Exercise inputs:
"""

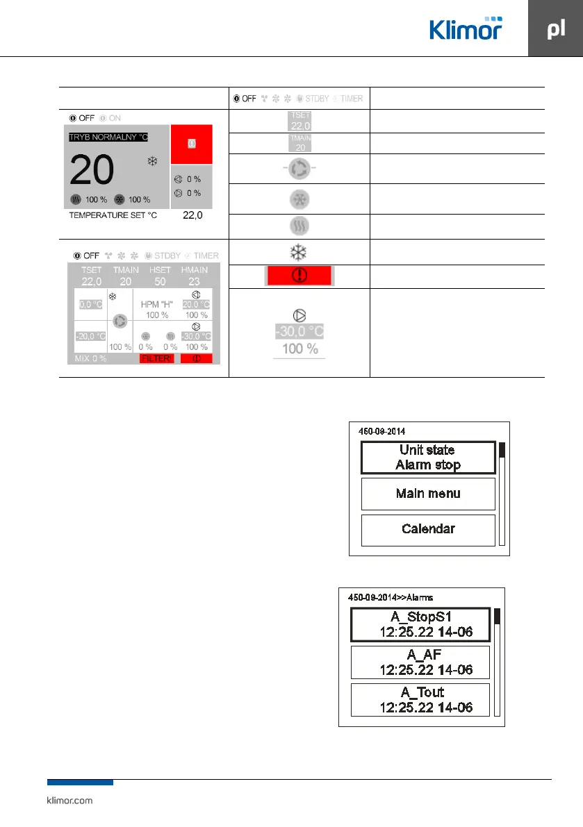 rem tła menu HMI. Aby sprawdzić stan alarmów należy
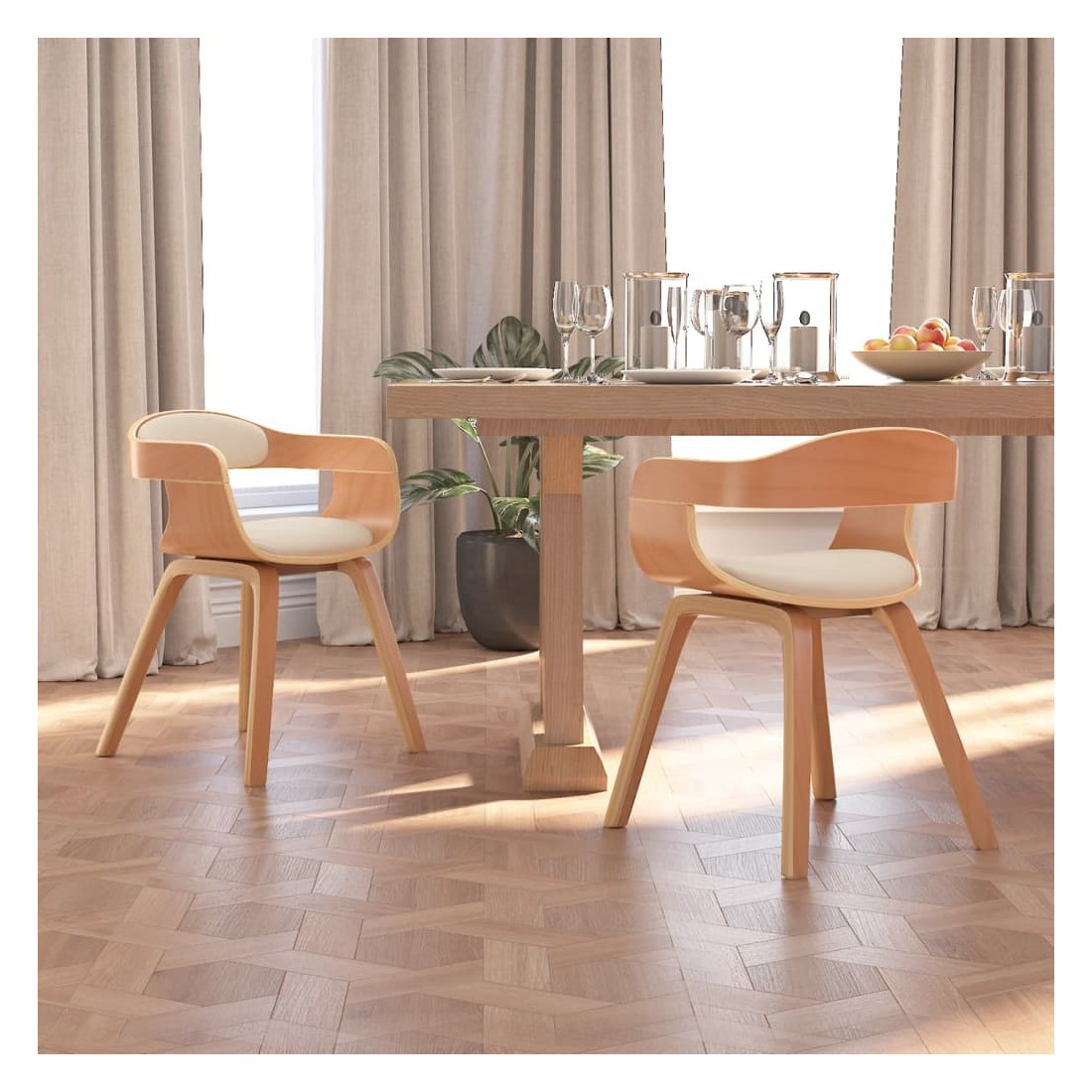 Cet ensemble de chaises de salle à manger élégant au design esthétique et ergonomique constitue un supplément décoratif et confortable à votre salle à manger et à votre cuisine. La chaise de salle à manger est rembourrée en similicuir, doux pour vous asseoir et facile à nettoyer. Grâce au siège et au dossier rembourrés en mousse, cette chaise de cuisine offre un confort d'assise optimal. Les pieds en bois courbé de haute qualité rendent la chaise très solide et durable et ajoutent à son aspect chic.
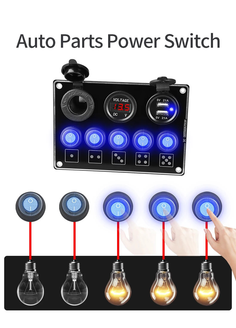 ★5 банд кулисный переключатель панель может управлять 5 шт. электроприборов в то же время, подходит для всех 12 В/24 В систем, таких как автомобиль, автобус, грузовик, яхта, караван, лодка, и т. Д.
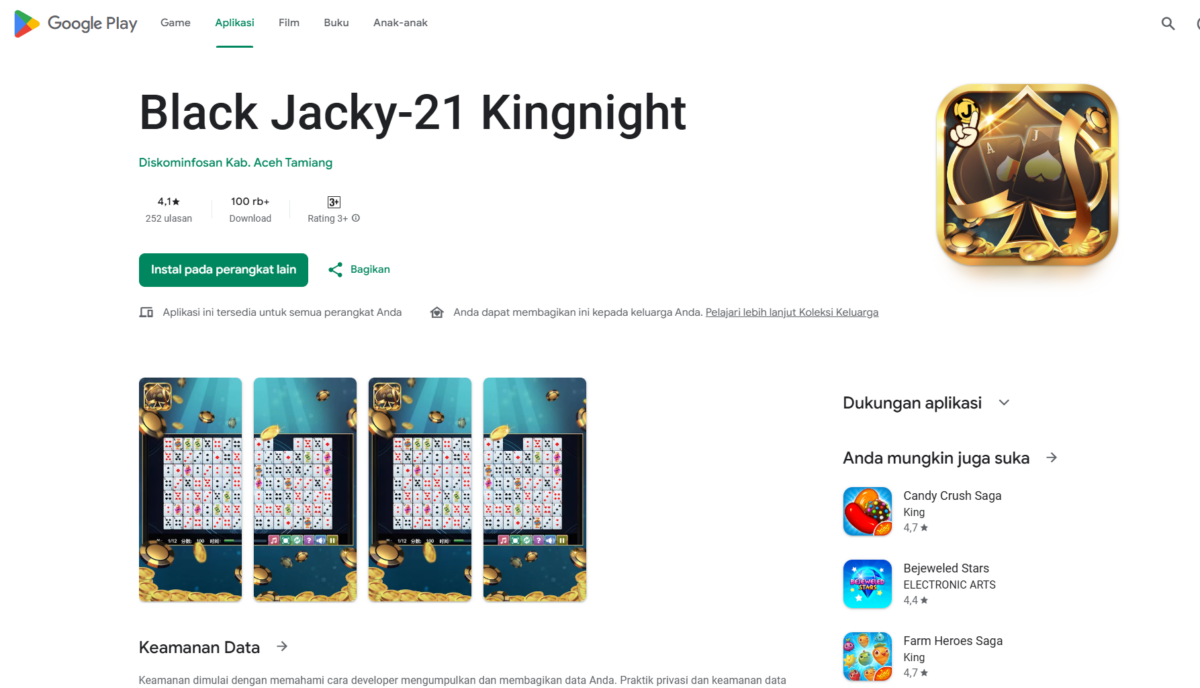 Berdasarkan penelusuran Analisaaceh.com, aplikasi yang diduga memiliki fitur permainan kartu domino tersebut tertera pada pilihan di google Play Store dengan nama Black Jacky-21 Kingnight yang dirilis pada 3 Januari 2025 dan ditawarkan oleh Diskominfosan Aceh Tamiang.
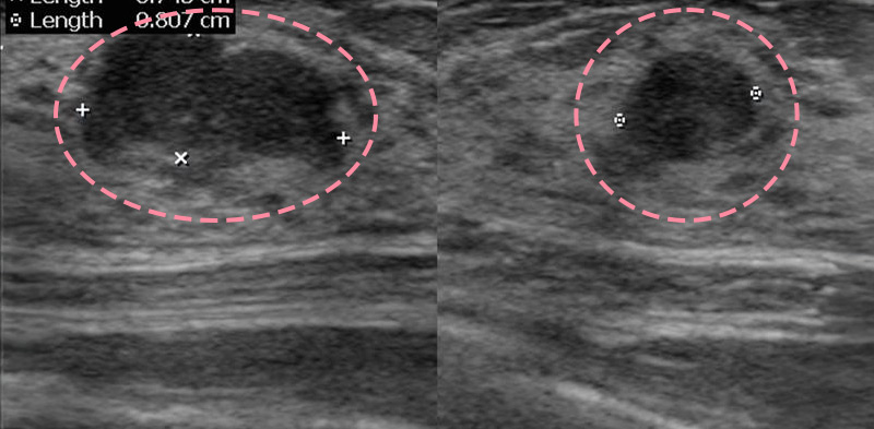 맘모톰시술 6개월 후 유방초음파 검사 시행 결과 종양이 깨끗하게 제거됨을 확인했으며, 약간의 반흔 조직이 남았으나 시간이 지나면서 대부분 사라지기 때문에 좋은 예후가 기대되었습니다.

"""
"""

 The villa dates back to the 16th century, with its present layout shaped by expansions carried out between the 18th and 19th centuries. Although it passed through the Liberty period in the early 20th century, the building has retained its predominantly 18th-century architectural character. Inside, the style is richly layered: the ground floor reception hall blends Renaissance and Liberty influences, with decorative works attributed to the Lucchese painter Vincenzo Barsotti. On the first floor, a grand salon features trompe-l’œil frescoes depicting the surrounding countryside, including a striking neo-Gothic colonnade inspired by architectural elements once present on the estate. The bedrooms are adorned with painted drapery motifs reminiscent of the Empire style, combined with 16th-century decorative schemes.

"""
"""

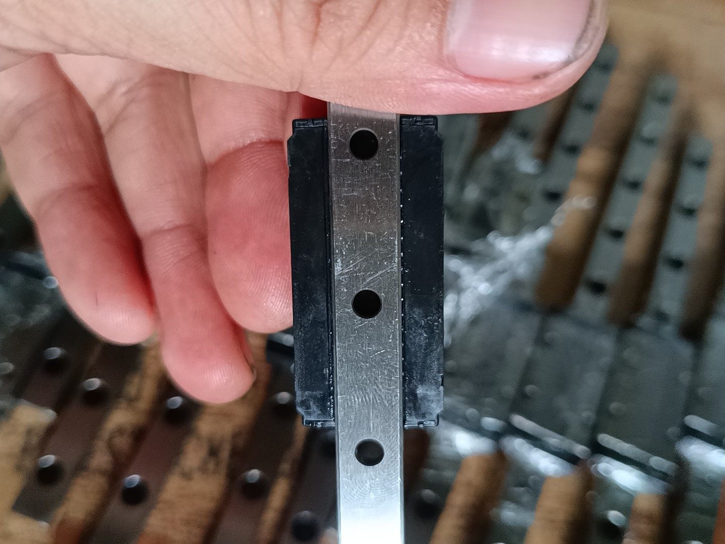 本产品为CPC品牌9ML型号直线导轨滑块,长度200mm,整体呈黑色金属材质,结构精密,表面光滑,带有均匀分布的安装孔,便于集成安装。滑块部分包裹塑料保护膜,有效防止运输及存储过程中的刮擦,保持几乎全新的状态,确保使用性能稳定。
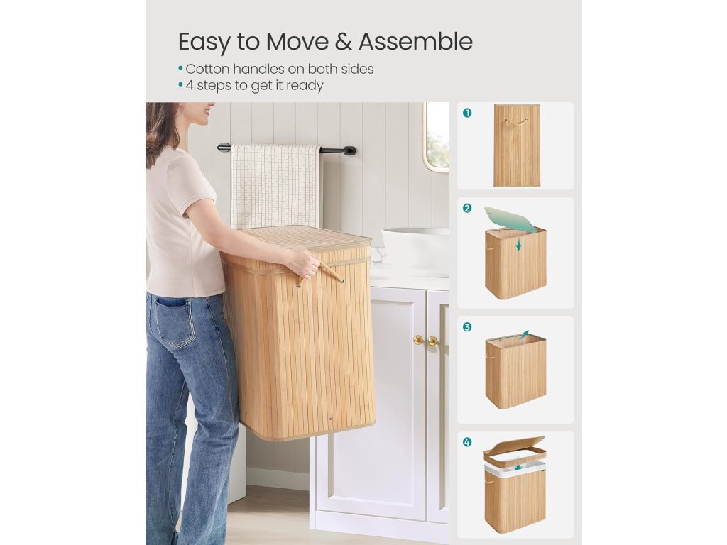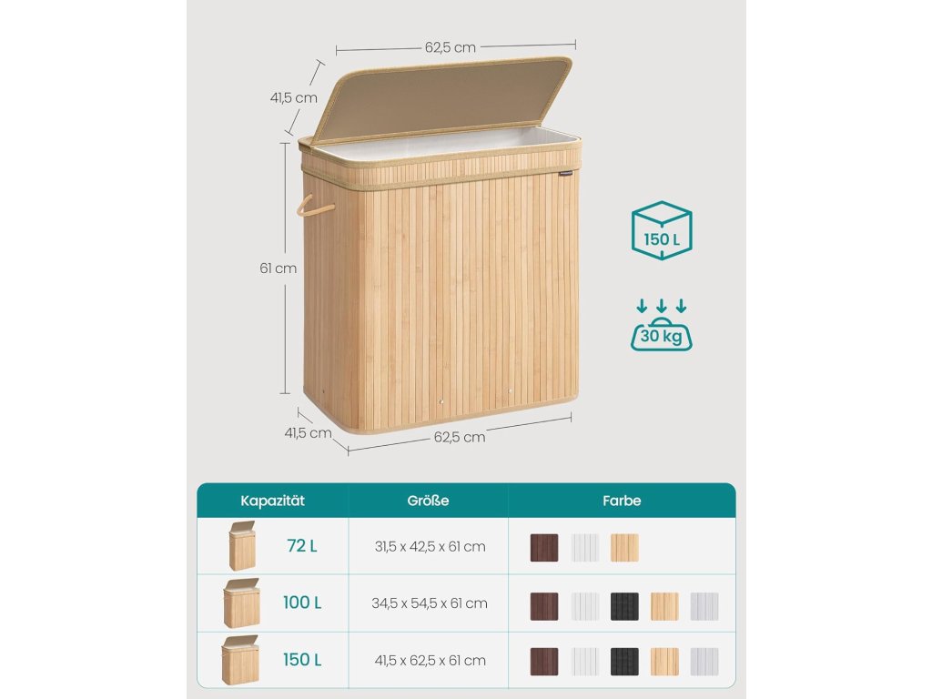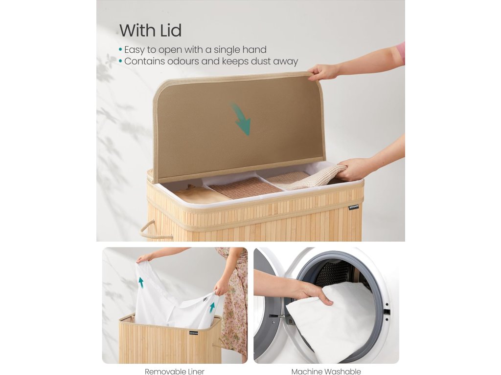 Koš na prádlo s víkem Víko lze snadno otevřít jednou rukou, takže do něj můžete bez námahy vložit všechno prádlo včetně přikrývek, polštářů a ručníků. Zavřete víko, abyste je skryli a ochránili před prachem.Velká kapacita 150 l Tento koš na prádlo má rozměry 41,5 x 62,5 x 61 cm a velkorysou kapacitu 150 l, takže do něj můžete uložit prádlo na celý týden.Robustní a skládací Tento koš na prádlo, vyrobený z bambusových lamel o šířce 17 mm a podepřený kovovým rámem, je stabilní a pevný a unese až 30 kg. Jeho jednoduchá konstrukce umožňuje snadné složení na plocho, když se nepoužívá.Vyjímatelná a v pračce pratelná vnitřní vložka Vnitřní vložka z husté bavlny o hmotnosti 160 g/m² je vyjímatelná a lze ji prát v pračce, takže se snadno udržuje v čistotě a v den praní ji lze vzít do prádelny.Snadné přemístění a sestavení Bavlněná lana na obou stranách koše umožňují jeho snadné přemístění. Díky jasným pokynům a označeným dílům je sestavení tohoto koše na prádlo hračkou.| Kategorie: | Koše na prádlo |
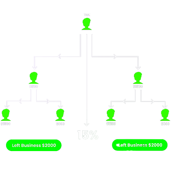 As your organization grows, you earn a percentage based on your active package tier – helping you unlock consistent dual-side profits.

"""

Work to complete: The answer must be the part of the records that opens with the line containing "Cet ensemble de" and closes with the line containing "лодка, и т. Д.", reproduced exactly, with no pictures.

Reply to the task:
 Cet ensemble de chaises de salle à manger élégant au design esthétique et ergonomique constitue un supplément décoratif et confortable à votre salle à manger et à votre cuisine. La chaise de salle à manger est rembourrée en similicuir, doux pour vous asseoir et facile à nettoyer. Grâce au siège et au dossier rembourrés en mousse, cette chaise de cuisine offre un confort d'assise optimal. Les pieds en bois courbé de haute qualité rendent la chaise très solide et durable et ajoutent à son aspect chic.
 ★5 банд кулисный переключатель панель может управлять 5 шт. электроприборов в то же время, подходит для всех 12 В/24 В систем, таких как автомобиль, автобус, грузовик, яхта, караван, лодка, и т. Д.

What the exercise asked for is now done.